Review by Leslie Brown
Because Jacqueline Kennedy Onassis had such notoriety as a fashion icon and jet setter, we forget how highly accomplished this woman was.
In her new book, Jackie After O, Boston Globe writer/editor Tina Cassidy takes us through Jackie’s insecure childhood to her time as a young First Lady and then to her shocking remarriage to Aristotle Onassis. Cassidy focuses on 1975, the year Jackie became a widow for the second time and began to find herself. The subtitle explains: “One Remarkable Year When Jacqueline Kennedy Onassis Defied Expectations and Rediscovered Her Dreams.”
Along the way, Cassidy gives a synopsis of Jackie’s talents: as a Vassar student who won a Vogue Contest with a wonderfully creative essay on “People I Wish I Had Known,” along with an insightful self portrait. Later on, she worked as The Inquiring Photographer for a prominent Washington, DC, newspaper. Once in the White House, the glamorous First Lady restored the mansion to highlight the historical artifacts that had long been forgotten to storage rooms.
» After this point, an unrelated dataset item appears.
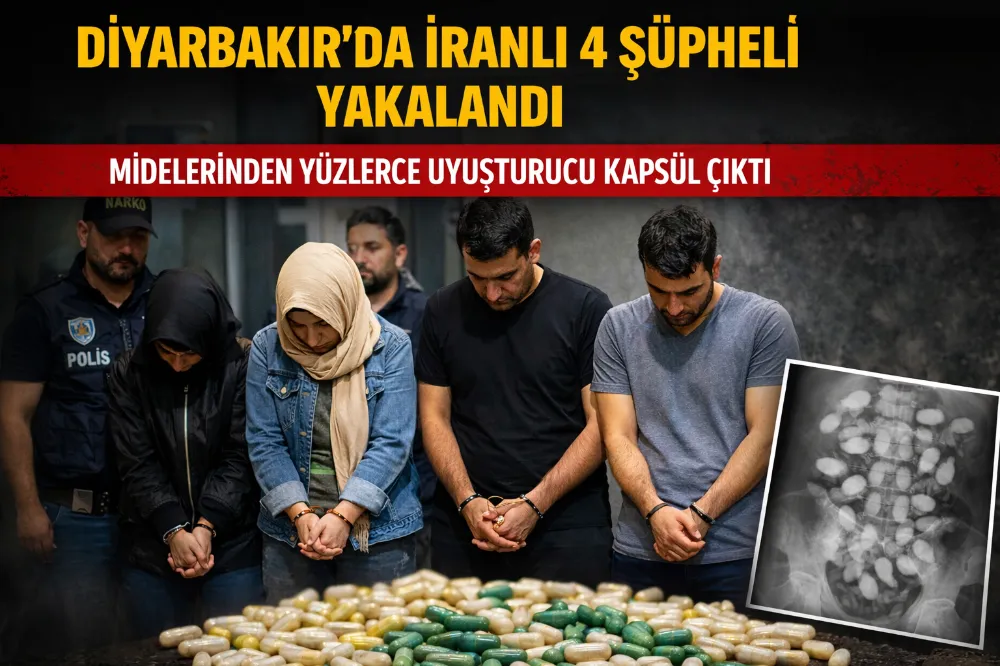 Diyarbakır’da narkotik ekipleri, İran’dan Türkiye’ye insan bedeni kullanılarak yapılan uyuşturucu sevkiyatını deşifre etti. Aralarında 2 kadının da bulunduğu 4 İran uyruklu şüpheli, yuttukları yüzlerce uyuşturucu kapsülüyle birlikte yakalandı. Zanlılar tutuklanırken, her biri hakkında 20’şer yıl hapis cezası talep edildi.

In fact, Jackie had always been ahead of her time, despite her breathy voice during the White House Tour. When her husband was assassinated, she organized a state funeral so poignant that those of us who were there in those dark November days will never forget it.
Switch to 1975. Her children, who had always been her prime focus, were on their own, so Jackie took a job in publishing. Given her lifelong love of books, art, architecture, and history, not to mention the rolodex to end all, Jackie was a natural for working with writers. According to all accounts, she was a talented editor, easy to work with, never pulling rank.
Fortunately, she found some happiness during the last years of her short life (she died at 62) with an older, Belgian-born diamond merchant, Maurice Tempelsman, perhaps a safe father figure. And fortunately she did not live to see the death of her son, John, Junior.
Cassidy spends too much time on Jackie’s quest to save Grand Central Station in New York and Lafayette Square in DC. Perhaps Cassidy is heavy on the details here because of the exhaustive research she had to do to explain the two projects.
In addition, there is too much projection into Jackie’s thoughts by the author, who could not have had access to such intimate material.
All in all, though, Jackie After O covers a lot of Jackie’s life in an easy sometimes delicious summer read.